WORK TO COMPLETE —
In this exercise, write out the data word for word and leave every image out.

INPUT MATERIAL —

════════════════

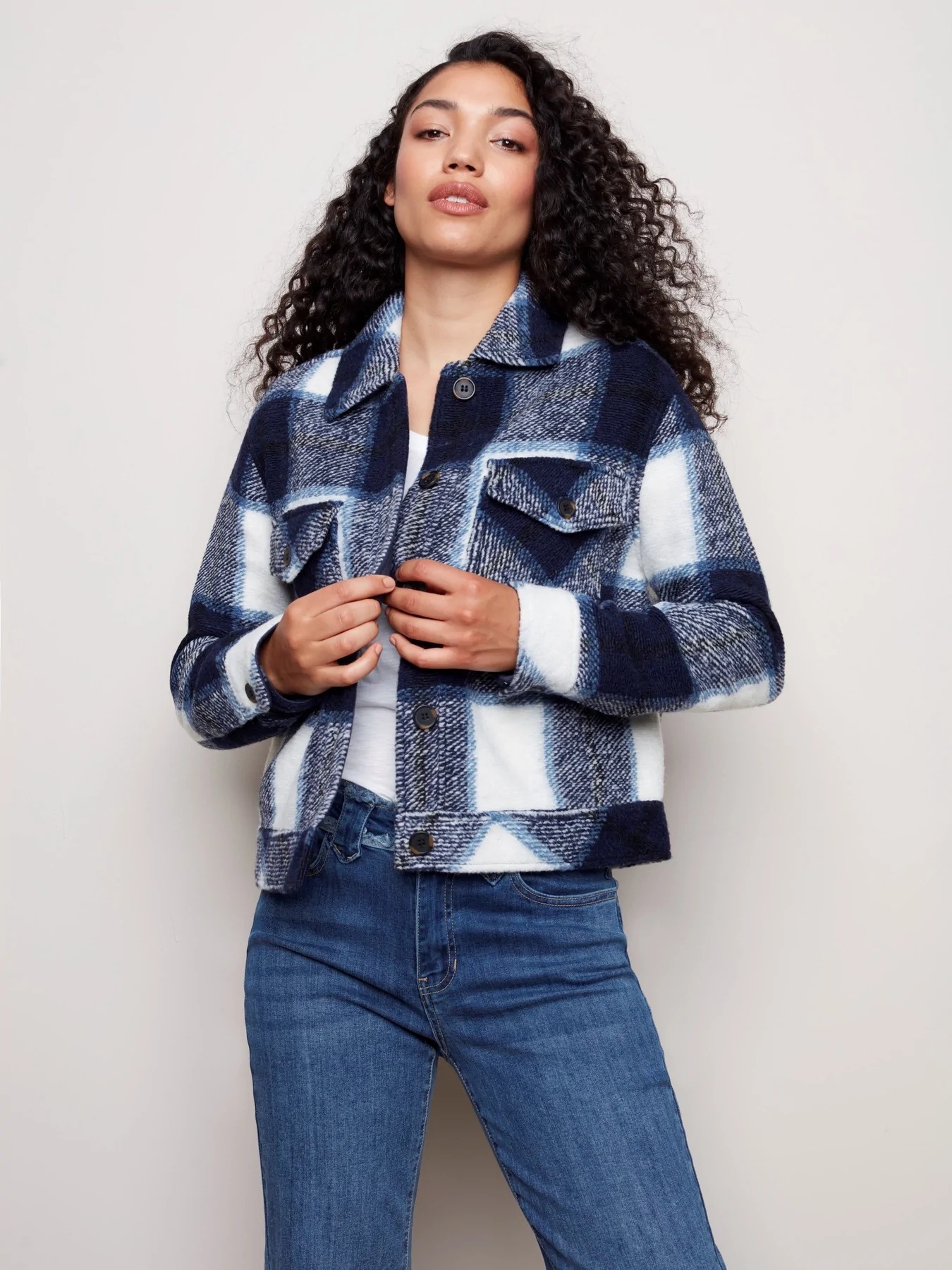 Boiled wool short jacket Clearance, C6210-174B Charlie B. Plaid Boiled Wool Short Jacket - The Leather House Clearance
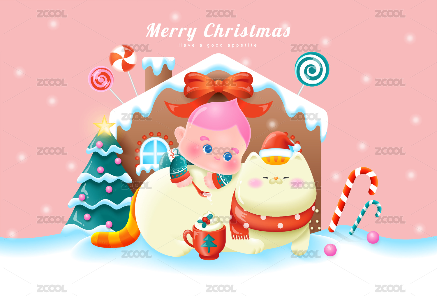 圣诞节糖果屋前的小孩和猫
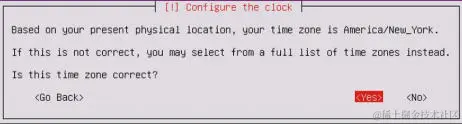 接下来,系统会要求你提供所在时区。系统将使用 IP 地理位置作为你的位置的最佳猜测。 如果这不正确,请手动选择正确的时区:
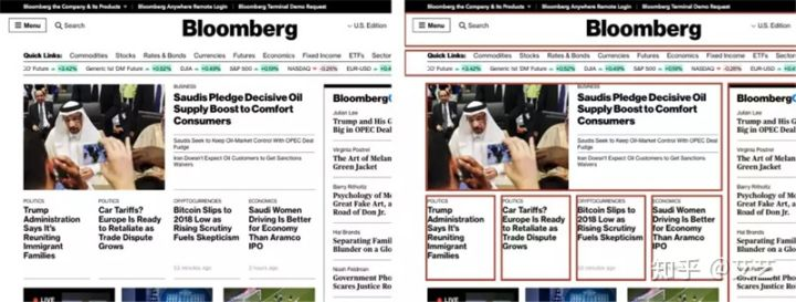 △ 图中标注了Bloomberg是如何对界面信息进行组块。
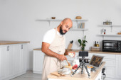 Przystojny człowiek cięcia brzoskwinia podczas gotowania wideo samouczek w kuchni
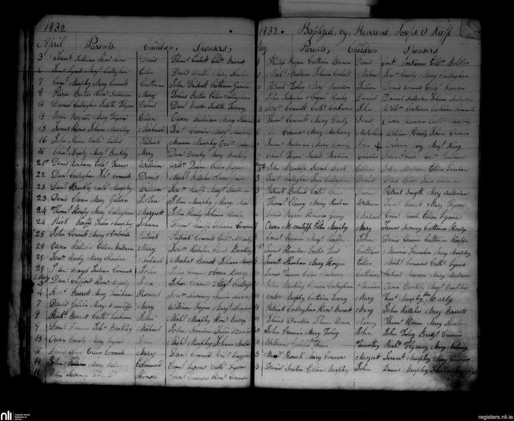 Glountane; County of Cork; Diocese of Cloyne. Baptisms, Apr. 1832 to June 1832
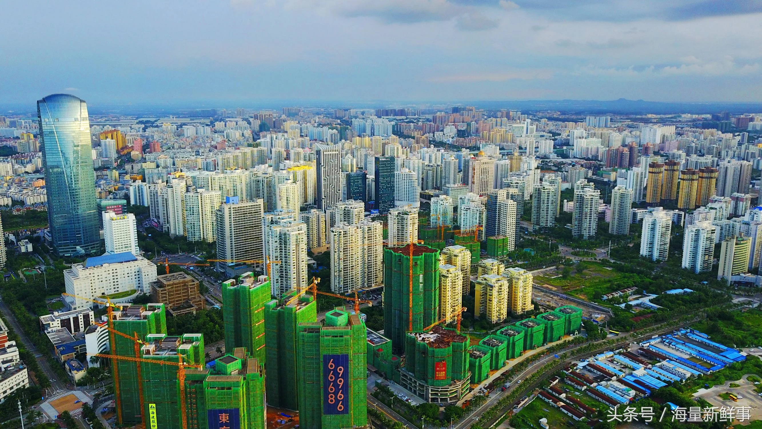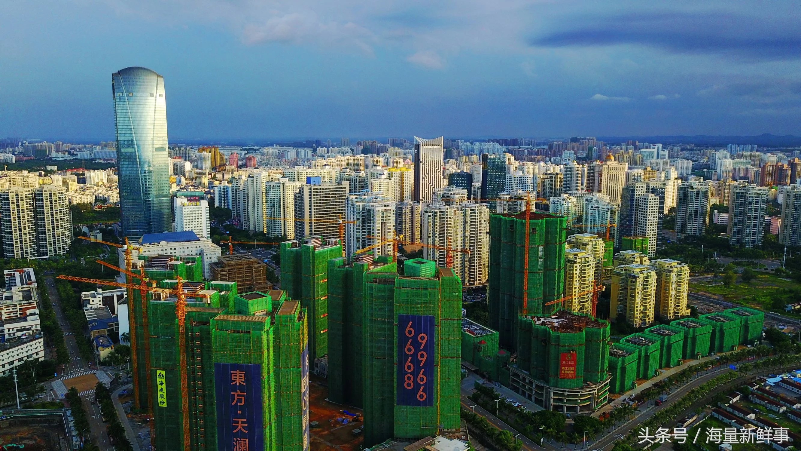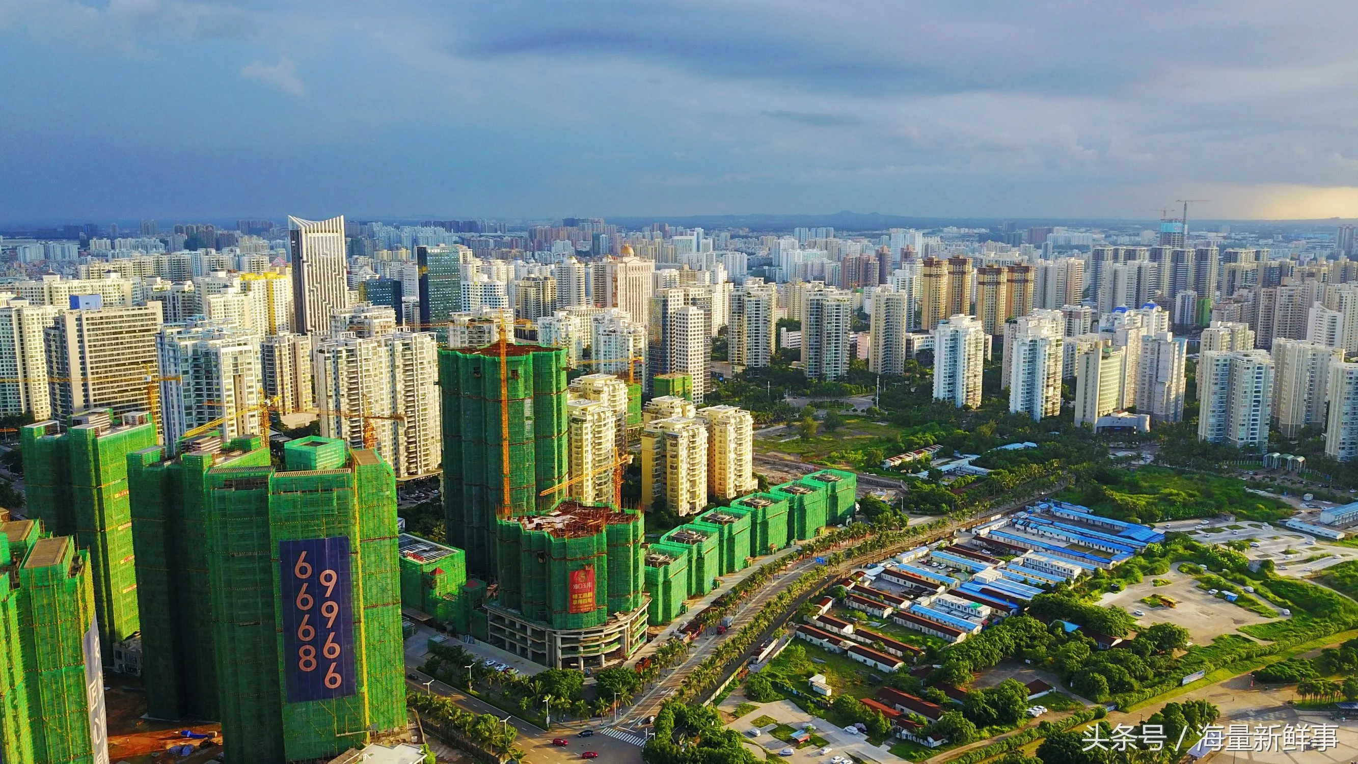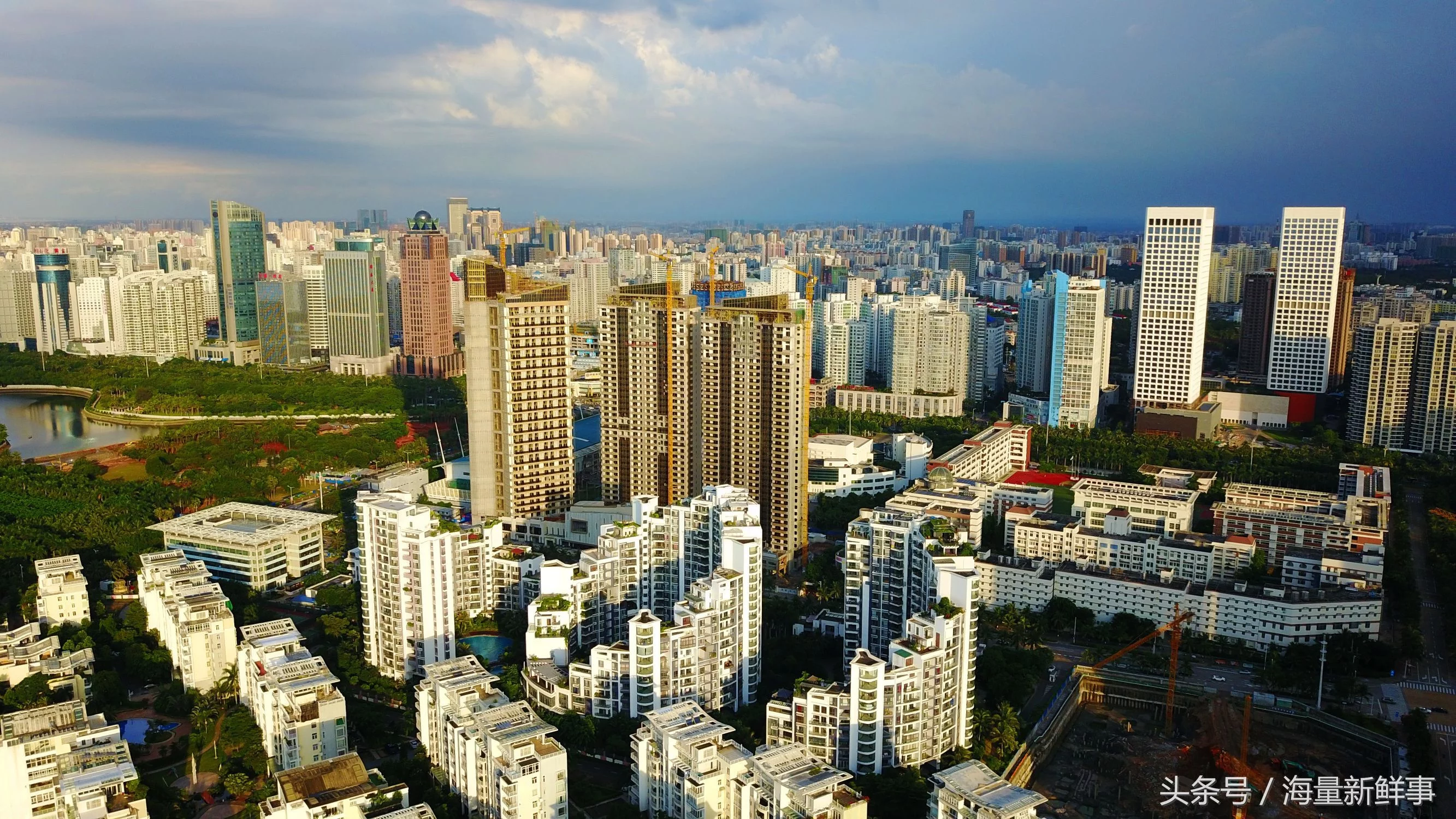 落日余辉下,无人机百米高空视角下的椰城海南省海口市,霞光满天。鳞次栉比的楼宇与满目葱翠的绿色相衬映,尽显生态宜居的现代都市繁华。让我这个来自江苏的游客震撼不已,第一次来椰城海口,没想到海口竟然如此美丽,令人陶醉神往。

════════════════

ANSWER SPACE —
 Boiled wool short jacket Clearance, C6210-174B Charlie B. Plaid Boiled Wool Short Jacket - The Leather House Clearance
 圣诞节糖果屋前的小孩和猫
 接下来,系统会要求你提供所在时区。系统将使用 IP 地理位置作为你的位置的最佳猜测。 如果这不正确,请手动选择正确的时区:
 △ 图中标注了Bloomberg是如何对界面信息进行组块。
 Przystojny człowiek cięcia brzoskwinia podczas gotowania wideo samouczek w kuchni
 Glountane; County of Cork; Diocese of Cloyne. Baptisms, Apr. 1832 to June 1832
 落日余辉下,无人机百米高空视角下的椰城海南省海口市,霞光满天。鳞次栉比的楼宇与满目葱翠的绿色相衬映,尽显生态宜居的现代都市繁华。让我这个来自江苏的游客震撼不已,第一次来椰城海口,没想到海口竟然如此美丽,令人陶醉神往。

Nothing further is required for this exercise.